#### DATASET EXTRACT
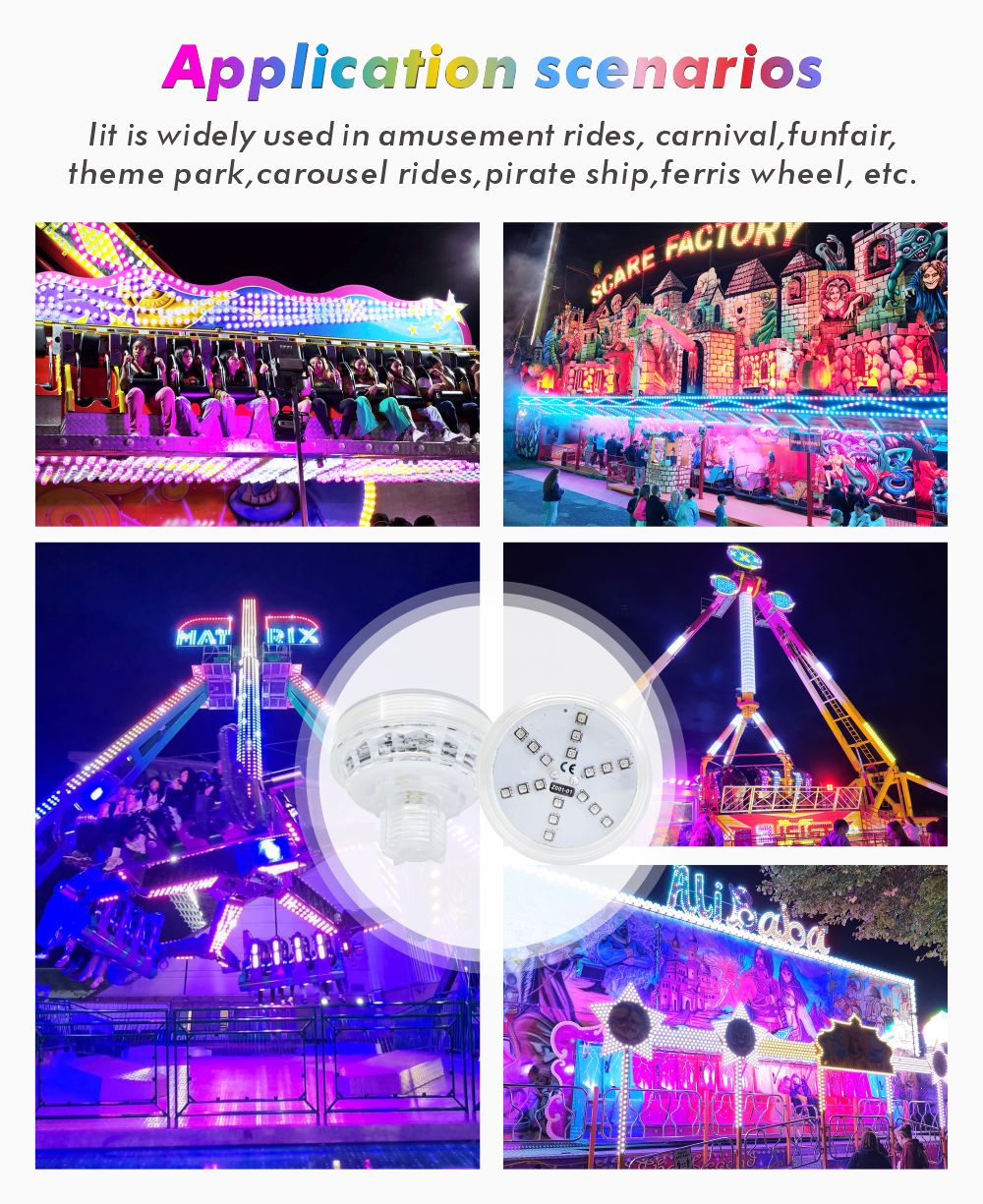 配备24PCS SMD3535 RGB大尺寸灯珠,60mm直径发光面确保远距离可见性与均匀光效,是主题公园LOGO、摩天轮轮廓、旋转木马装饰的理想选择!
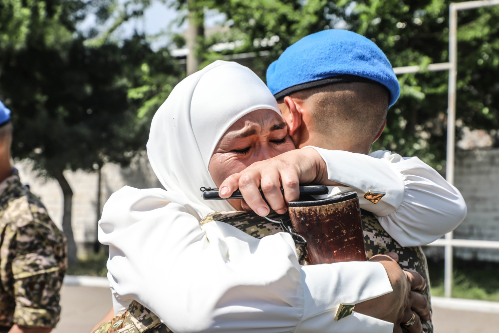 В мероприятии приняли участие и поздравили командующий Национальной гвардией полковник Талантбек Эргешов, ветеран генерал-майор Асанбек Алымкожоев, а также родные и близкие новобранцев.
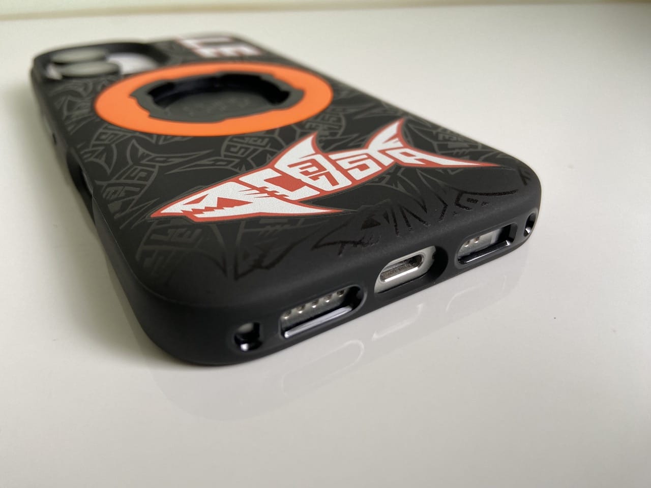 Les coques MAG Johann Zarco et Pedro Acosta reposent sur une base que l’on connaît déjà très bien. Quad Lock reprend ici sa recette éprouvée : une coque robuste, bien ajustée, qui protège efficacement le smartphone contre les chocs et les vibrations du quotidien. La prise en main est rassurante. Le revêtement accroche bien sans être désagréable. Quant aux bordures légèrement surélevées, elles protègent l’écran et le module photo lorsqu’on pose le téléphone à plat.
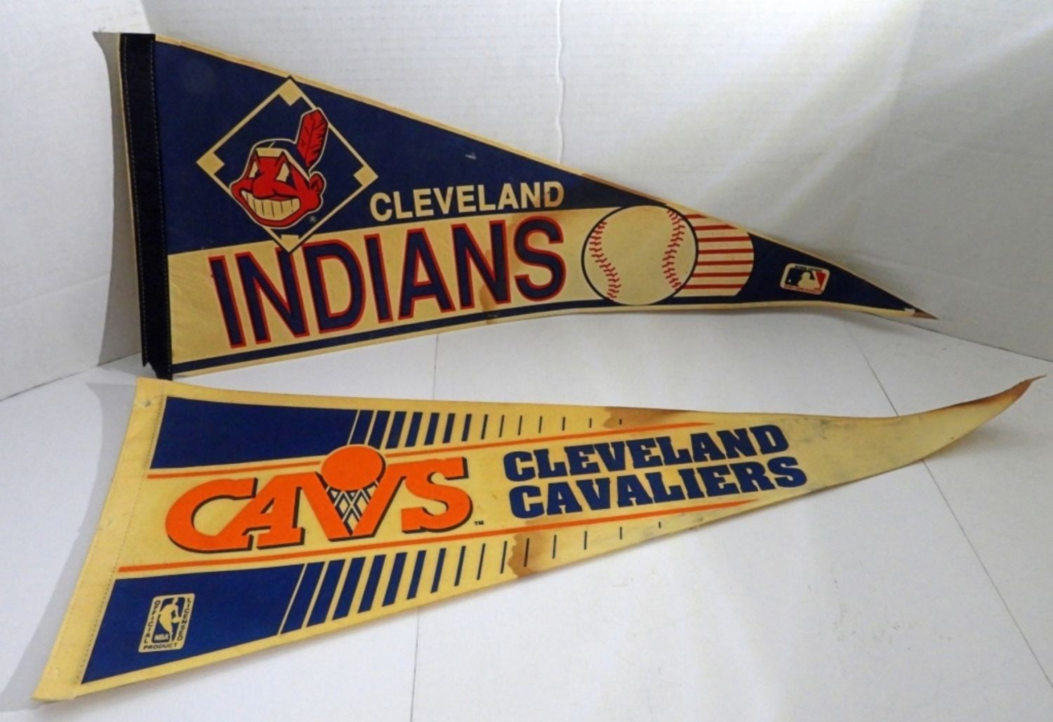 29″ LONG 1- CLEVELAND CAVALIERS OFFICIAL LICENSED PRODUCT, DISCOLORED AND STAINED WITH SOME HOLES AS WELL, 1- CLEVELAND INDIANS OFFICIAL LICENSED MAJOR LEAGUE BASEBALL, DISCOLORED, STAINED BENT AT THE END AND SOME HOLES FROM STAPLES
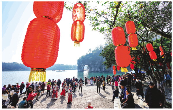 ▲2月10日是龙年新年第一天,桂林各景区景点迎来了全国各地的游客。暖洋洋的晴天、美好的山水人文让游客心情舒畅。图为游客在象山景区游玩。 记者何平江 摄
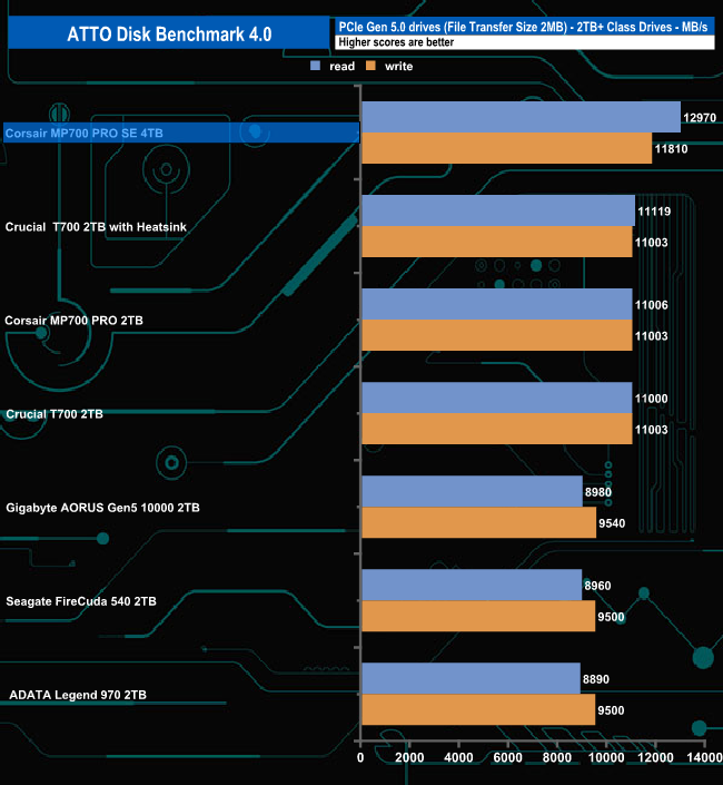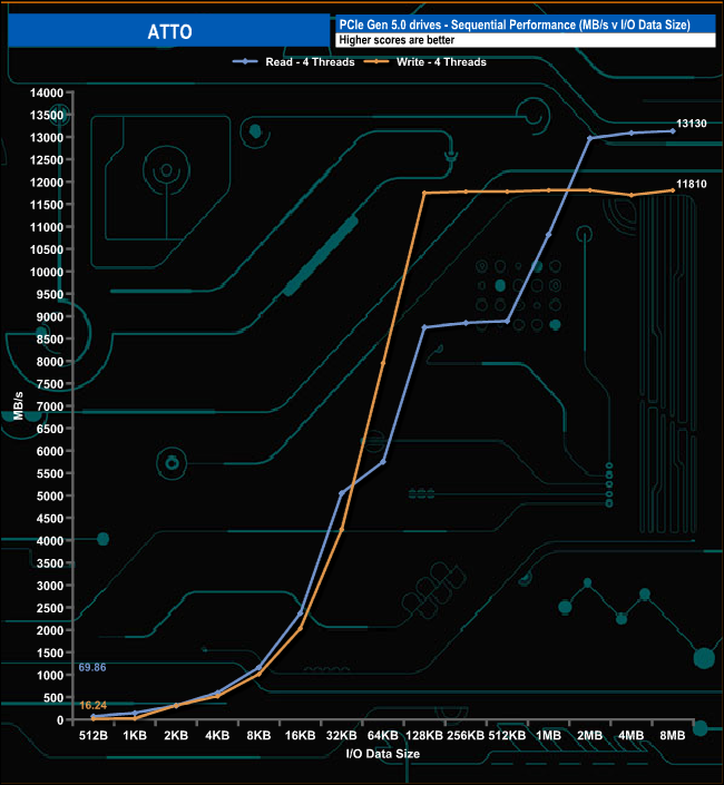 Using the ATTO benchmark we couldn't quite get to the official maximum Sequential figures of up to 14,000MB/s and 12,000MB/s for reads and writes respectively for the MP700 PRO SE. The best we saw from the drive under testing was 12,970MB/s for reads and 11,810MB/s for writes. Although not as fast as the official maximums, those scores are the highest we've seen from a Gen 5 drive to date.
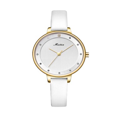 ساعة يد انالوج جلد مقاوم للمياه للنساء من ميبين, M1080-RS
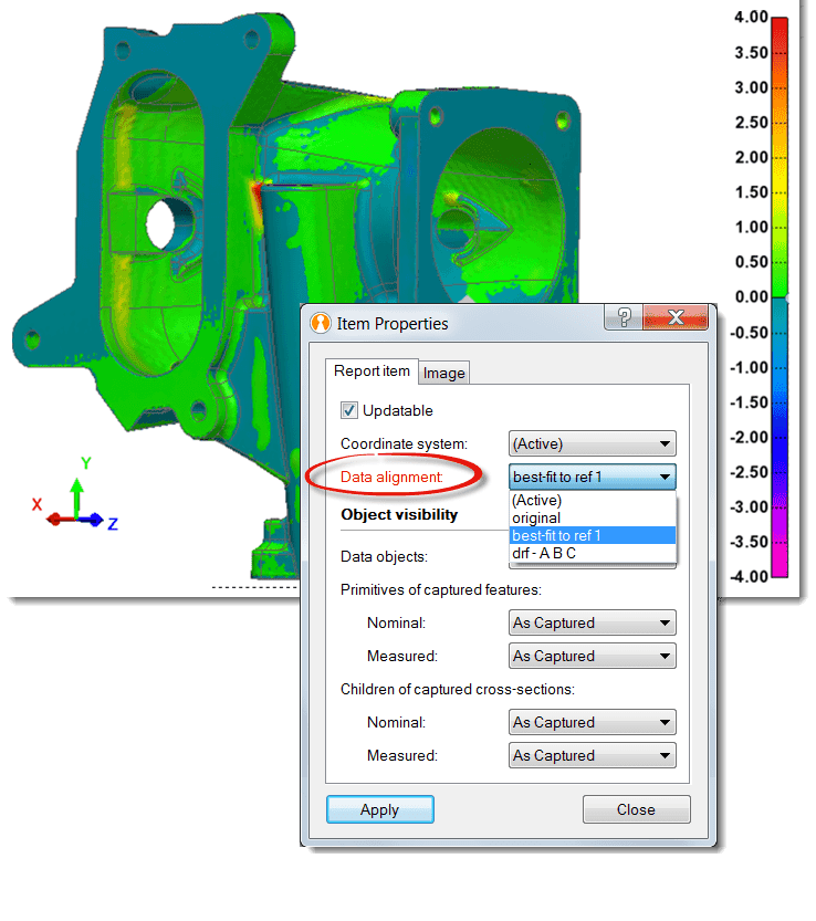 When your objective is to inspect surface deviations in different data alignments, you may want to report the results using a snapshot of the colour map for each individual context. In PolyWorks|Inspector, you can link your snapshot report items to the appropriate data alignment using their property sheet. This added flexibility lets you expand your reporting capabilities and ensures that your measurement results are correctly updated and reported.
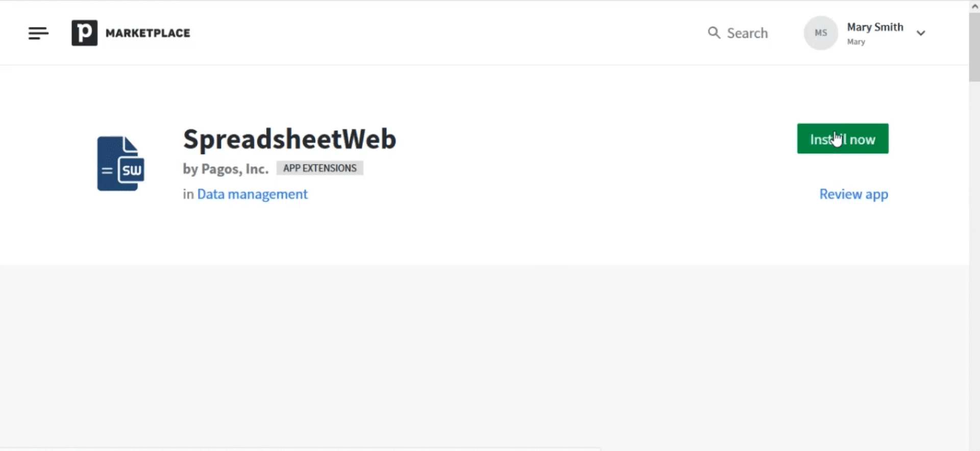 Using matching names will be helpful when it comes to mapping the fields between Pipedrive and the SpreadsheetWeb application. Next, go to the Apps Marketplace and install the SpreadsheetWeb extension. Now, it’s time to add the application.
########
--- PROMPT ---
Output the data above exactly, excluding images.

--- RESULT OF THIS TASK ---
 配备24PCS SMD3535 RGB大尺寸灯珠,60mm直径发光面确保远距离可见性与均匀光效,是主题公园LOGO、摩天轮轮廓、旋转木马装饰的理想选择!
 В мероприятии приняли участие и поздравили командующий Национальной гвардией полковник Талантбек Эргешов, ветеран генерал-майор Асанбек Алымкожоев, а также родные и близкие новобранцев.
 Les coques MAG Johann Zarco et Pedro Acosta reposent sur une base que l’on connaît déjà très bien. Quad Lock reprend ici sa recette éprouvée : une coque robuste, bien ajustée, qui protège efficacement le smartphone contre les chocs et les vibrations du quotidien. La prise en main est rassurante. Le revêtement accroche bien sans être désagréable. Quant aux bordures légèrement surélevées, elles protègent l’écran et le module photo lorsqu’on pose le téléphone à plat.
 29″ LONG 1- CLEVELAND CAVALIERS OFFICIAL LICENSED PRODUCT, DISCOLORED AND STAINED WITH SOME HOLES AS WELL, 1- CLEVELAND INDIANS OFFICIAL LICENSED MAJOR LEAGUE BASEBALL, DISCOLORED, STAINED BENT AT THE END AND SOME HOLES FROM STAPLES
 ▲2月10日是龙年新年第一天,桂林各景区景点迎来了全国各地的游客。暖洋洋的晴天、美好的山水人文让游客心情舒畅。图为游客在象山景区游玩。 记者何平江 摄
 Using the ATTO benchmark we couldn't quite get to the official maximum Sequential figures of up to 14,000MB/s and 12,000MB/s for reads and writes respectively for the MP700 PRO SE. The best we saw from the drive under testing was 12,970MB/s for reads and 11,810MB/s for writes. Although not as fast as the official maximums, those scores are the highest we've seen from a Gen 5 drive to date.
 ساعة يد انالوج جلد مقاوم للمياه للنساء من ميبين, M1080-RS
 When your objective is to inspect surface deviations in different data alignments, you may want to report the results using a snapshot of the colour map for each individual context. In PolyWorks|Inspector, you can link your snapshot report items to the appropriate data alignment using their property sheet. This added flexibility lets you expand your reporting capabilities and ensures that your measurement results are correctly updated and reported.
 Using matching names will be helpful when it comes to mapping the fields between Pipedrive and the SpreadsheetWeb application. Next, go to the Apps Marketplace and install the SpreadsheetWeb extension. Now, it’s time to add the application.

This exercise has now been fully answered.